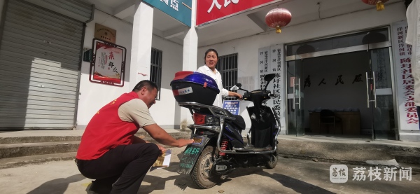 在电动车牌照办理现场,各村居网格员、志愿者还向居民宣传交通安全知识,引导他们骑行时须佩戴头盔,提高安全文明驾驶的意识。
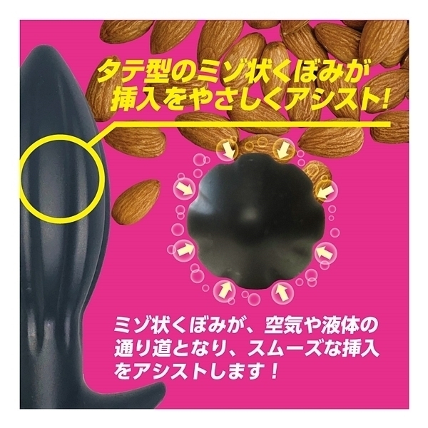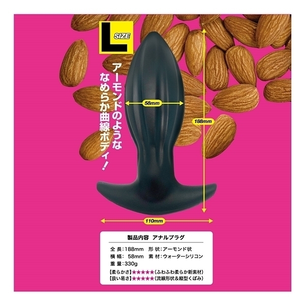 アーモンドフォルム×ウォーターシリコン!形状と素材にこだわった、新感覚ア●ルプラグが新登場!アーモンドナッツのような形状は、先端部に向かってすぼんでいく流線フォルムとなり、スルッとした挿入感を生み出します。さらに、中央部に配置された縦縞状のくぼみが、空気や液体の通り道となり、挿入心地をサポート。最下部は返しの付いた錨モデルで、ヒップラインに沿ったデザインが違和感を低減させます。本体素材には、最先端のウォーターシリコン素材を使用しました。水のように柔らかい、と大評判の人気素材です。すべすべな滑らかさ、もっちりとした肉感弾力、ゴムのように伸びる高伸縮性。あなたにピッタリ寄り添う恍惚素材とスムーズなインサートとなる快感型状で、新しいア●ルプラグです。「L」は太さ58ミリのエキスパートモデル。 |
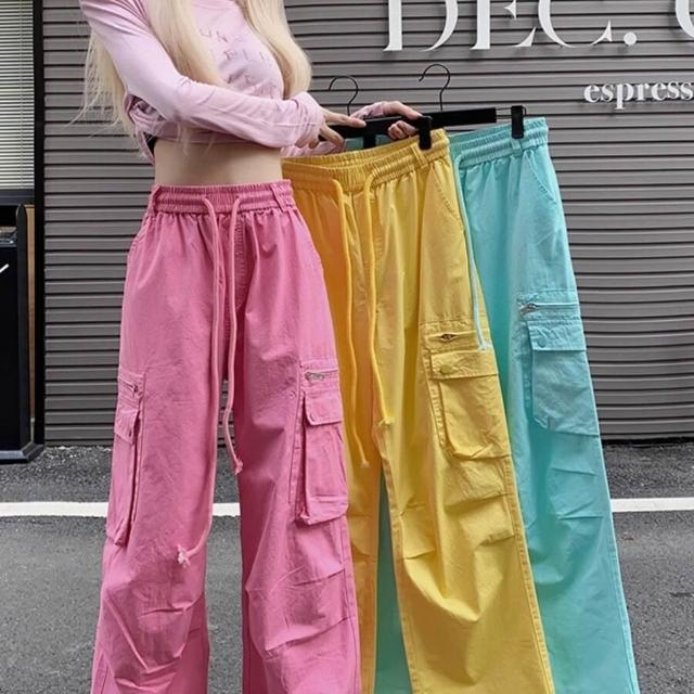 木槿衣坊 美式多巴胺彩色工裝褲女2025春秋新款甜酷風辣妹寬松高腰闊腿褲子 5 2
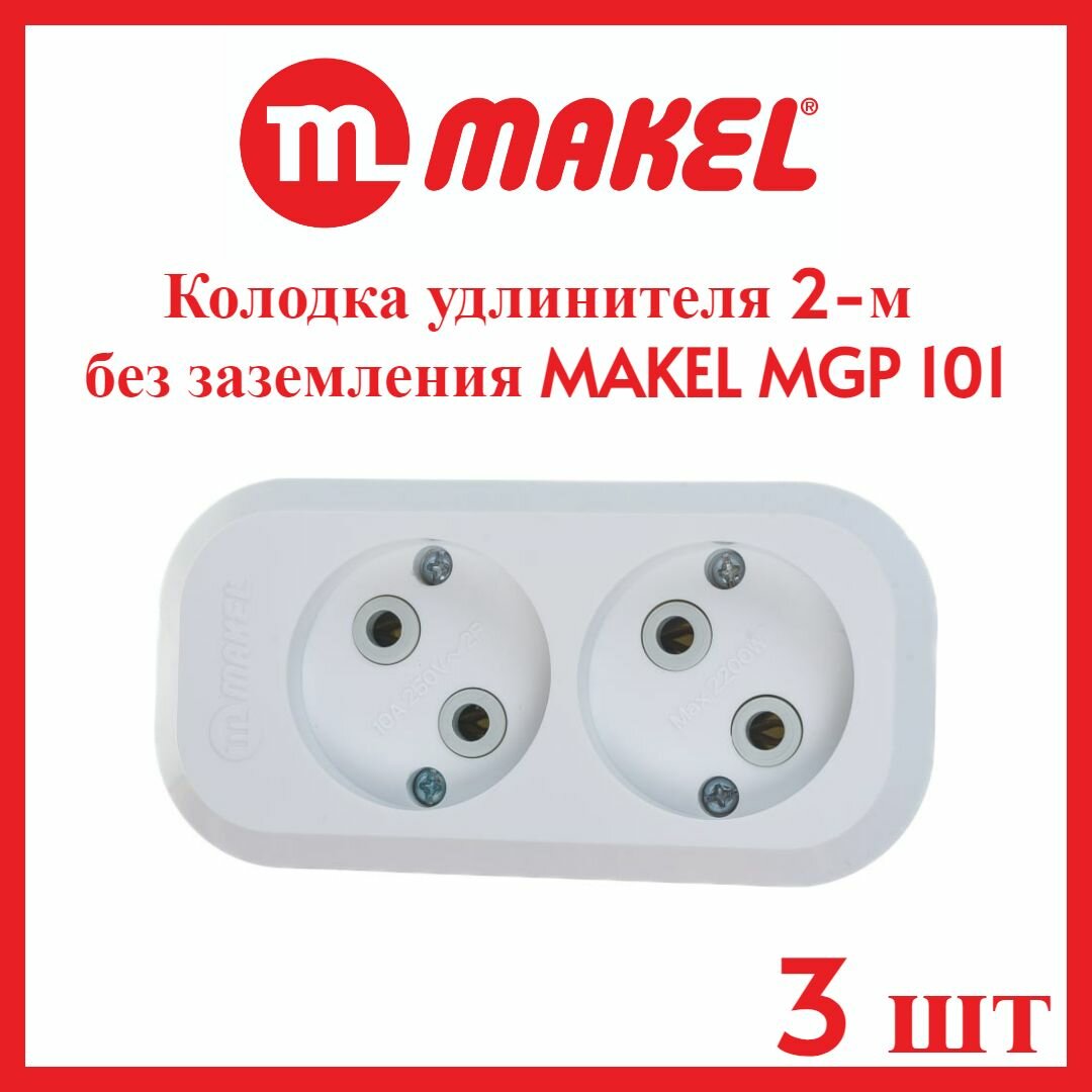 3шт. - Колодка удлинителя 2 гнезда без заземления / Makel; арт. MGP101; оригинал / - комплект 3шт
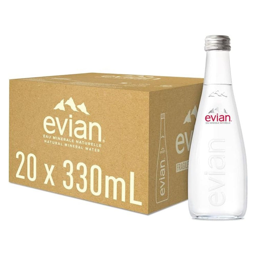 Evian Natural Mineral Water Glass Bottles - (20x330ml)
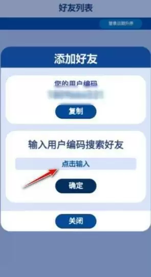 进入游戏大厅,点击下方的好友按钮,之后点击右下角添加按钮,然后在点击输入用户编码,在键盘中输入用户编码,点击确定即可发起好友申请。
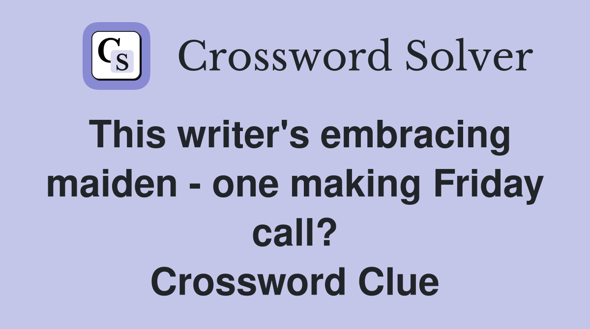 This writer #39 s embracing maiden one making Friday call? Crossword

What you will do:
Print exactly the lines running from the start of the entries above to the line with "アーモンドフォルム×ウォータ", both included; leave out any pictures.

Output:
 在电动车牌照办理现场,各村居网格员、志愿者还向居民宣传交通安全知识,引导他们骑行时须佩戴头盔,提高安全文明驾驶的意识。
 アーモンドフォルム×ウォーターシリコン!形状と素材にこだわった、新感覚ア●ルプラグが新登場!アーモンドナッツのような形状は、先端部に向かってすぼんでいく流線フォルムとなり、スルッとした挿入感を生み出します。さらに、中央部に配置された縦縞状のくぼみが、空気や液体の通り道となり、挿入心地をサポート。最下部は返しの付いた錨モデルで、ヒップラインに沿ったデザインが違和感を低減させます。本体素材には、最先端のウォーターシリコン素材を使用しました。水のように柔らかい、と大評判の人気素材です。すべすべな滑らかさ、もっちりとした肉感弾力、ゴムのように伸びる高伸縮性。あなたにピッタリ寄り添う恍惚素材とスムーズなインサートとなる快感型状で、新しいア●ルプラグです。「L」は太さ58ミリのエキスパートモデル。 |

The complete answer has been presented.